Julien avance dans la vie comme sur un chemin de crête, à pas sûrs, refusant qu’on lui dicte la voie, mais acceptant en retour la rudesse des éléments. Chez lui, l’indépendance n’est pas un slogan : c’est une manière d’être, forgée très tôt, dans une Ardèche où l’on apprend vite à « ne pas se laisser marcher sur les pieds ». C’est là, dans ces paysages un peu rudes et très masculins, qu’il découvre la bagarre comme d’autres découvrent un sport d’équipe : un langage direct, parfois brutal, mais jamais malveillant. La violence n’est pas une pose, mais un élément du décor, presque un rite. Des hommes bagarreurs, des bals de campagne où les coups pleuvent parfois puis s’oublient autour d’un verre, et cette étonnante surprise de comprendre plus tard que certains hommes, ailleurs, ne se battent jamais.
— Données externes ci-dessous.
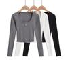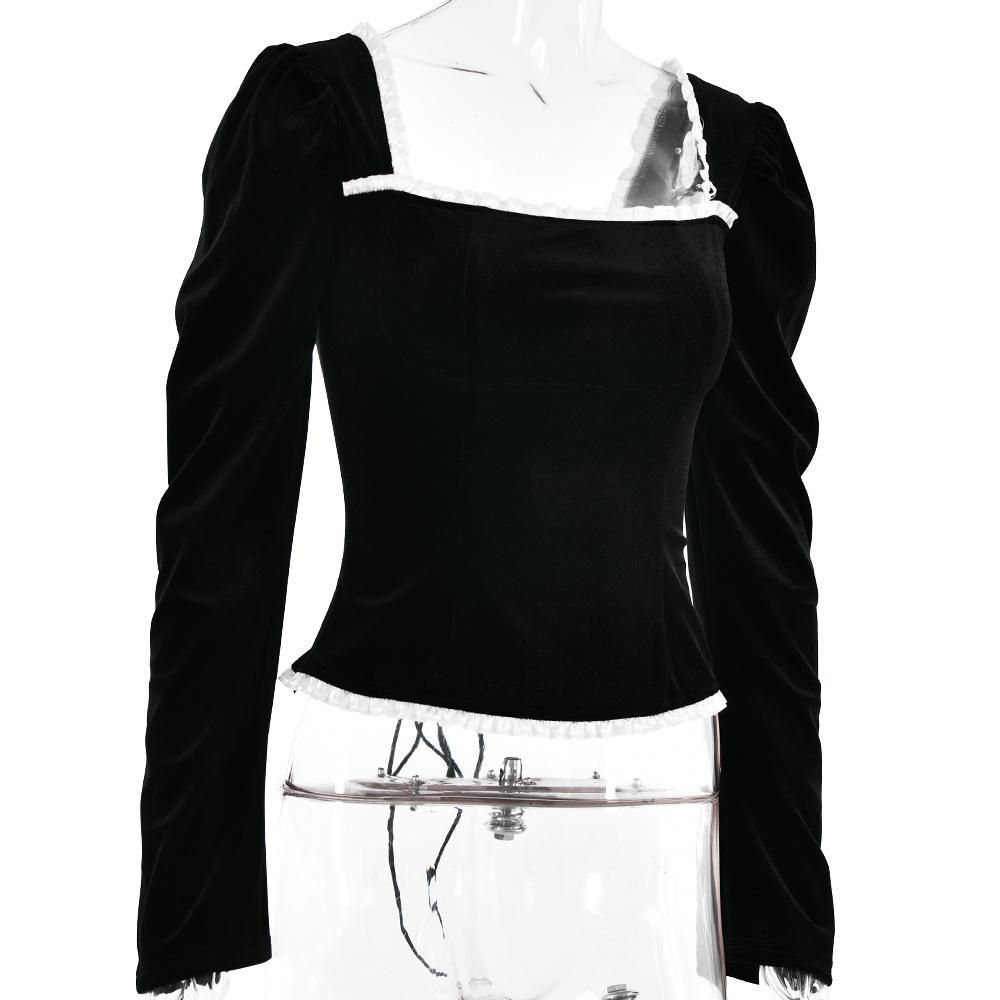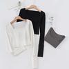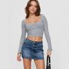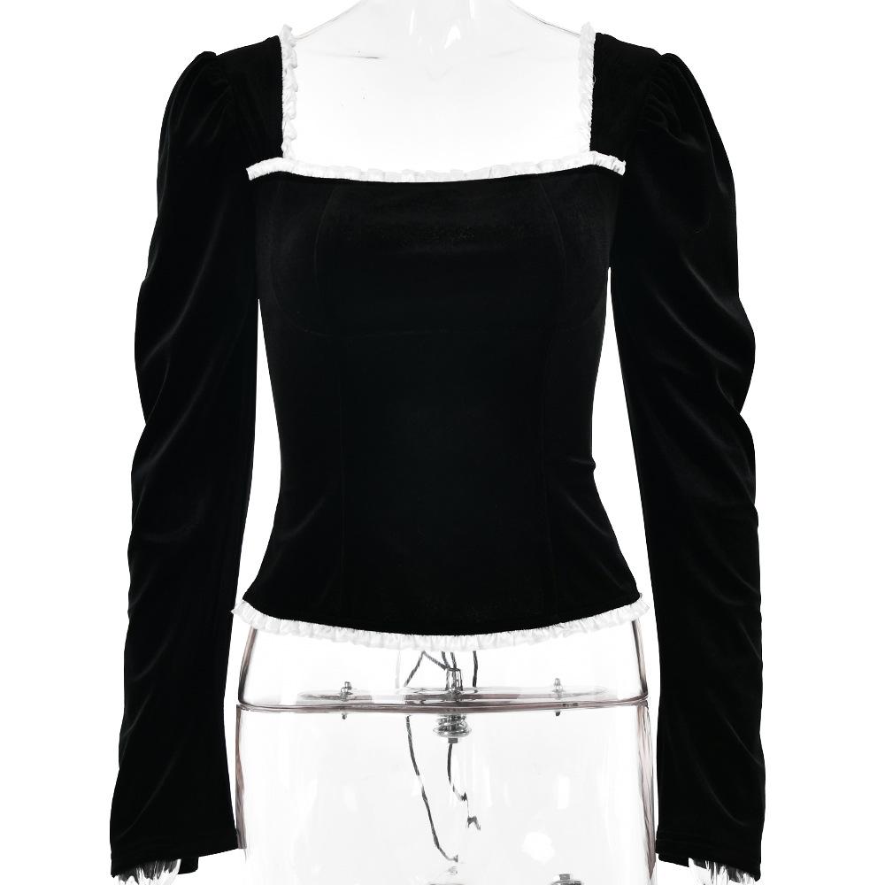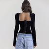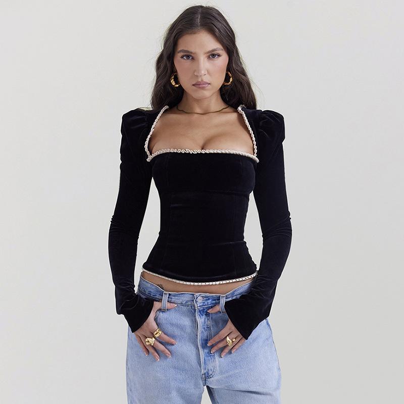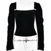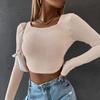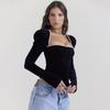Camiseta ajustada de manga larga y cuello cuadrado nueva de otoño estilo ins europeo y americano, moderna, combinable con todo, temperamento sexy, top con tirantes y espalda descubierta para mujer
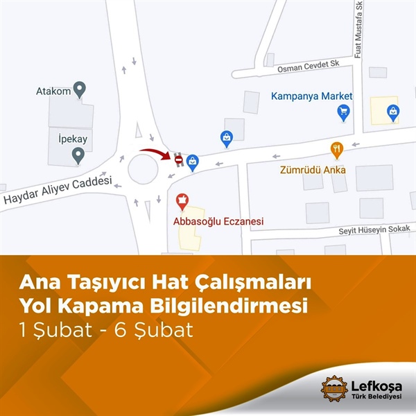 Küçük Kaymaklı Özker Özgür Caddesi’nde yapılacak kanalizasyon çalışmaları nedeniyle, güzergahın 1-6 Şubat arasında kısmı olarak trafiğe kapalı olacağı duyuruldu.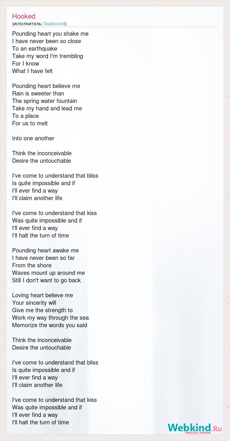 Pounding heart you shake me I have never been so close To an earthquake Take my word I'm trembling For I know What I have felt Pounding heart believe me Rain is sweeter than The spring water fountain Take my hand and lead me To a place For us to melt Into one another Think the inconceivable Desire the untouchable I've come to understand that bliss Is quite impossible and if I'll ever find a way I'll claim another life I've come to understand that kiss Was quite impossible and if I'll ever find a way I'll halt the turn of time Pounding heart awake me I have never been so far From the shore Waves mount up around me Still I don't want to go back Loving heart believe me Your sincerity will Give me the strength to Work my way through the sea Memorize the words you said Think the inconceivable Desire the untouchable I've come to understand that bliss Is quite impossible and if I'll ever find a way I'll claim another life I've come to understand that kiss Was quite impossible and if I'll ever find a way I'll halt the turn of time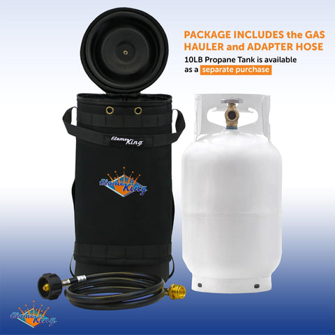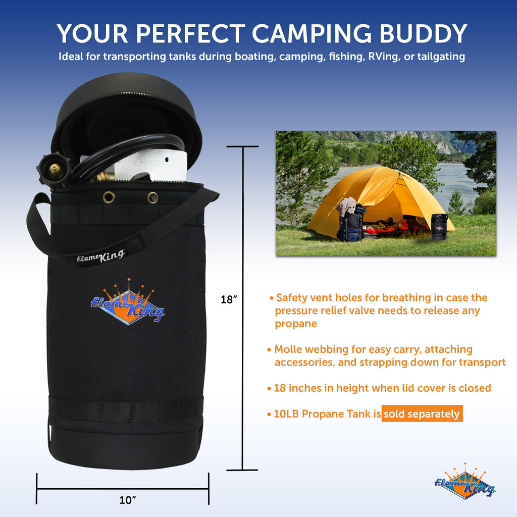 Don't forget to include the Flame King GH10-RBH bundle in your camping essentials checklist! This bundle comes with a propane rubber hose YSN-QCC-1LB and a Gas Hauler - an insulated protective carrying case for 10LB tanks. The Gas Hauler is a must-have to protect your tank when transporting during boating, camping, fishing, RVing, or tailgating. Designed with maximum safety, this gas hauler comes with safety vent holes for breathing in case the pressure relief valve needs to release any propane. Gas Hauler also has enough room to carry your propane hose and other accessories. Gas hauler measures 10X17.5 inches; lightweight at 1.72 pounds (when empty); perfectly fits not only the the Flame King 10LB tanks but other other tanks within this size range as well. The molle webbing makes it easy to carry, attach accessories, and strap down for transport. Flame King's 4-FT propane adapter hose (YSN-QCC-1LB) connects your 1LB appliance to a 10LB propane tank using a QCC1 or Type-1 connection. The hose tethers to the CGA hook on your propane-powered appliances including camping stoves, tabletop grills, lanterns, and more.
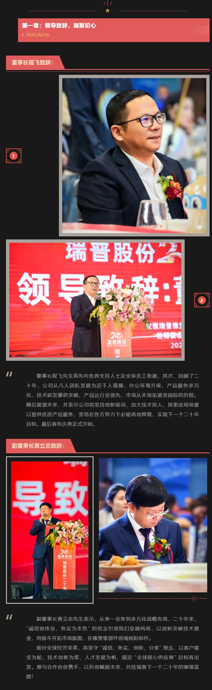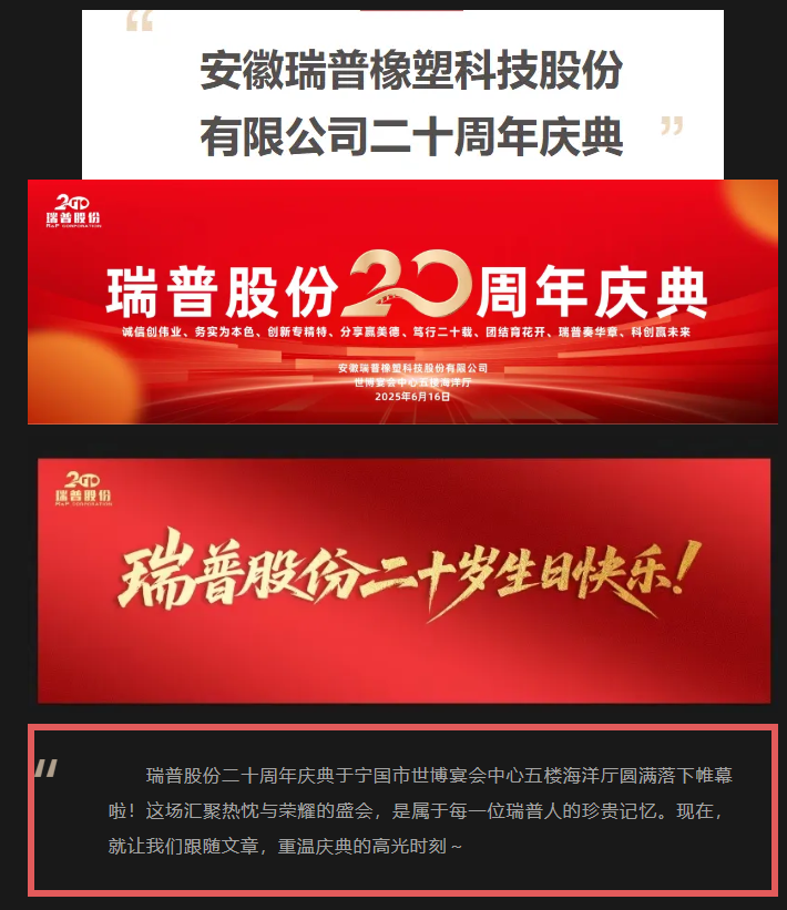 二十載櫛風(fēng)沐雨,二十載砥礪前行。值此安徽瑞普橡塑科技股份有限公司成立二十周年之際,我們滿懷感恩與喜悅,誠(chéng)邀您撥冗出席二十周年慶典活動(dòng),共同見(jiàn)證這一榮耀時(shí)刻,共敘情誼,共謀未來(lái)!

L’adolescence est turbulente : un collège catholique d’où on l’exclut pour avoir trop fait l’imbécile et occupé trop de place, un sentiment d’être « le petit canard » dans un milieu bourgeois. Mais derrière la fougue, une vocation silencieuse se forme : la philosophie. À quatorze ans, il ouvre Nietzsche, ne comprend pas tout, mais y trouve une porte d’entrée vers la pensée. L’intellectuel naît puis accouche du militant, dans cet ordre. Par la suite les deux élans se mêlent, s’alimentent et dessinent le personnage qu’il deviendra.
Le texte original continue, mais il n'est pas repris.